In April 1954, Wade was named commander of the 21st Air Division with headquarters at Forbes Air Force Base near Topeka, Kansas. He remained there a full year, when he was reassigned as inspector general at the headquarters of the Strategic Air Command at Offutt Air Force Base near Omaha, Nebraska. In July 1956, he was promoted to the position of SAC chief of staff.

==Military, 1958–1967==
On January 1, 1958, Wade was assigned as commander of the 1st Missile Division at Vandenberg Air Force Base near Lompoc, California. There he commanded the first operational missile unit in Air Force history. His commission was two-fold: (1) maintain operational capability with intercontinental ballistic missiles, and (2) establish operational readiness training for the missile crews of the SAC missile sites. He hence worked to develop the Discoverer, Samos, and Midas orbiting satellite programs.

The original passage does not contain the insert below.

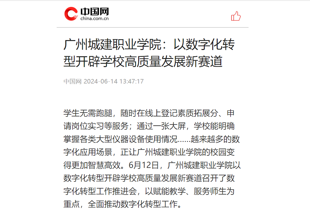 学生无需跑腿,随时在线上登记素质拓展分、申请岗位实习等服务;通过一张大屏,学校能明确掌握各类大型仪器设备使用情况……越来越多的数字化应用场景,正让广州城建职业学院的校园变得更加智慧高效。6月12日,广州城建职业学院以数字化转型开辟学校高质量发展新赛道召开了数字化转型工作推进会,以赋能教学、服务师生为重点,全面推动数字化转型工作。

From Vandenberg, Wade was sent in April 1961 to Torrejón Air Base near Madrid, Spain, where he commanded SAC's 16th Air Expeditionary Task Force. He received his promotion to lieutenant general on August 1, 1963, and assumed command of SAC's Second Air Force with headquarters then at Barksdale Air Force Base in Bossier City, some fifty miles west of his hometown of Homer, Louisiana. Then on August 1, 1966, he assumed command of the Eighth Air Force at Westover Air Force Base near Springfield, Massachusetts. As the commander at Westover, he was responsible for bombers, tankers, and missiles located south from Goose Bay, Labrador, to Ramey Air Force Base in Aguadilla, Puerto Rico, and extending westward from Loring Air Force Base in Aroostook County, Maine, to Clinton-Sherman Air Force Base near Clinton, Oklahoma.

Wade received the Legion of Merit with oak leaf cluster, Distinguished Flying Cross, Soldier's Medal, Air Medal with oak leaf cluster and the Air Force Commendation Medal.

==Later years==
After Wade's military retirement, Governor John McKeithen appointed him in 1967 as the director of the Louisiana Department of Public Safety and Corrections, with authority over both state police and prisons. From 1968 to 1972, he was the adjutant general of the Louisiana National Guard.

In 1972, Wade got into an open dispute with Democratic State Representative Dorothy Mae Taylor of New Orleans, the first African-American female to serve in the Louisiana legislature. Wade called Taylor "a real phony" and accused her of seeking media attention by inciting trouble at the Louisiana State Penitentiary in Angola as well as the parish prison in Orleans Parish. Wade said that Taylor catered to a black militant group with an eye toward her own political agenda.

Wade died in 1990 at the age of seventy-eight. He and his wife, Dorothy, donated memorabilia to the Herbert S. Ford Memorial Museum in Homer, Louisiana, which he considered to have been his hometown. On display are the general's portrait, flags, medals, and awards as well as various weapons from World War I to the Vietnam era, including a World War II "Liberator," a rare pistol meant to be discarded after a single use.